Central bankers are very careful people: conservative, stable and above all, realistic. So when they make a move looks like a gamble, you know you should be very worried. And that’s what the world’s major central banks have just done with a $US100 billion move to try and stave off the tightening credit crunch.
The news from the Fed, Bank of England, Swiss National Bank, European Central Bank and Bank of Canada came half an hour before US trading was due to start at 1.30am this morning (Australian time).
It was well leaked beforehand so the market was primed for a solid rebound from the previous day’s slump after the Fed’s 0.25% rate cut was deemed too little by greedy investors and banks.
But the co-ordinated action was partially derailed by the sector it was trying to help. Three major US banks — Bank of America, First Wachovia and PNC — announced that they would be making bigger than expected write-downs and reporting losses on subprime mortgages and related debt in the fourth quarter.
That told traders that whatever the central banks did, the subprime problems were far from over and sentiment switched. Wall Street ended up 41 points, but it had been 250 points higher.
Bloomberg described the move from the central banks as the “biggest act of international economic cooperation since the September 11 terrorist attacks,” but they should have been a bit more upfront and described it as something of a punt, or at best a venture into unchartered waters.
The Fed and the ECB have already revealed attempts in the past month to add more money to their banking systems on a more systematic basis, and also revealed attempts to inject liquidity across the end of the year to try and alleviate what is emerging as the biggest fear of all: a complete credit lock up at year’s end.
The Fed said in a statement it will make up to $US24 billion available to the ECB and Swiss National Bank to increase the supply of dollars in Europe. The Fed also plans four auctions, including two this month that will add as much as $US40 billion, to increase cash in the US. It made two injections totalling SUS88 billion last month, to no avail as short term interest rate spreads continued to widen.
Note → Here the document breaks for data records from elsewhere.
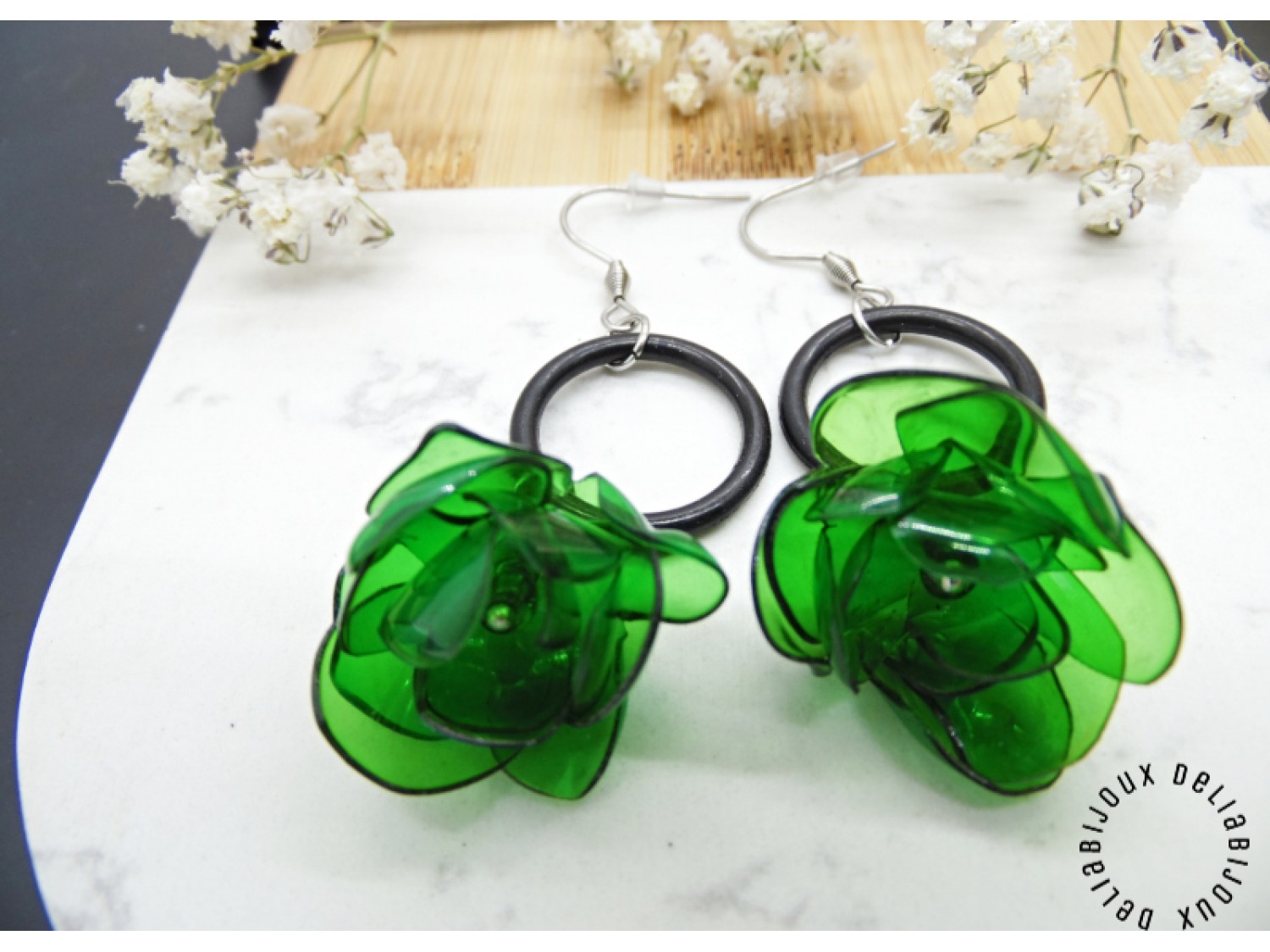 Fiecare floare a fost modelată cu grijă din plastic reciclat, iar garniturile de cauciuc adaugă un accent neașteptat, transformând aceste accesorii într-o declarație de stil și sustenabilitate.
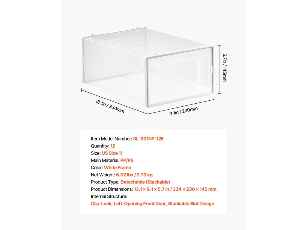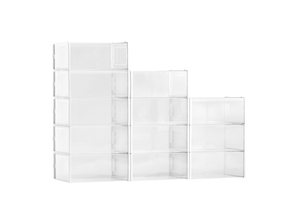 12 db-os egymásra rakható cipősdoboz, US 11 mérethez, fehér kerettel
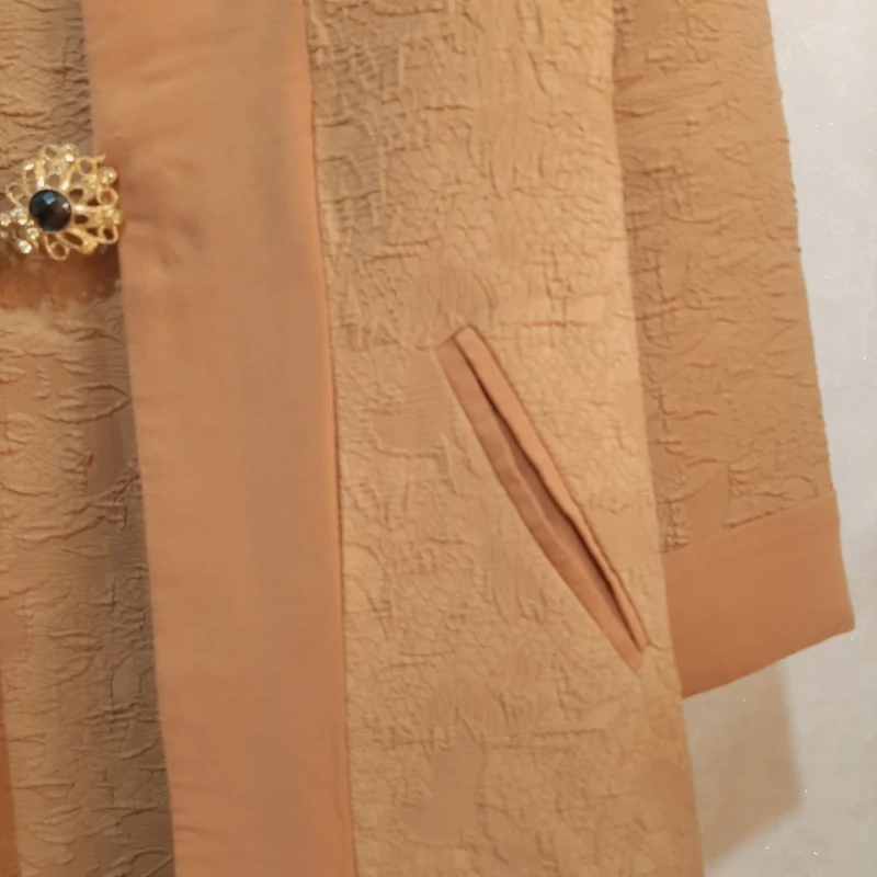 این مانتو کتی زنانه با طراحی شیک و خاص، انتخابی ایده آل برای بانوان خوش پوش است. جنس پارچه این مانتو از ژاکارد چروک دوبل با کیفیت بالا است که علاوه بر زیبایی، دوام و راحتی را نیز به ارمغان می آورد. رنگ کرم این مانتو، ظاهری لوکس و چشم نواز به آن بخشیده و خرج کار طلایی، جلوه ای منحصر به فرد و خیره کننده به آن اضافه کرده است.

The Fed said in its statement that the measures were “designed to address elevated pressures in short-term funding markets.”
The Fed also said it’s considering setting up a permanent arrangement to provide funds to banks through so-called term auction facility operations.
The first US auction, of 28-day funds, will be $US20 billion next Monday, December 17, the second follows three days later.
“By allowing the Federal Reserve to inject term funds through a broader range of counterparties and against a broader range of collateral than open market operations, this facility could help promote the efficient dissemination of liquidity,” the Fed statement said.
These auctions will be open to all “generally sound” deposit-taking institutions to participate in the ‘”term auction facility”.
Unlike the co-ordination at the time of September 11, the potential problems soon passed. The freeze in August and September never went away, like an iceberg, it remained partly submerged in credit markets before re-emerging in November as banks and other groups produced a cascade of losses and write-downs that total more than $US100 billion.
This is become increasingly serious and the central banks are now trying everything they have in their arsenals, and more, to try and prevent a complete freeze on credit.
Forget China and the decoupling argument and BHP Billion can forget Rio Tinto for quite a while, the next few months are going to be fraught with considerable danger.
Oops – apologies to Merryl Lynch. It was of course the Morgan Stanley crystal ball that was forecasting a fairyland “mild recession”. 😉
There are quite a few banks around the world at the moment that are not just suffering “liquidity problems”. It’s more likely that they are INSOLVENT (read bankrupt) due to the subprime mess. So of course they are not gonna lend to each other! And no-one wants to talk about this publicly cos we don’t want to see Northern Rock style runs on banks and mass panic which would hark back to what happened during The Great Depression.
In truth there is nothing the Fed, ECB etc can do to solve insolvency problems via monetary policy, even with this unprecendented co-ordination. Batton down the hatches. That “mild recession” Merryl Lynch talked about the other day is gonna turn severely severe, and Australia won’t be decoupling. This is THE media story that all news outlets not owned by Rupert should be watching.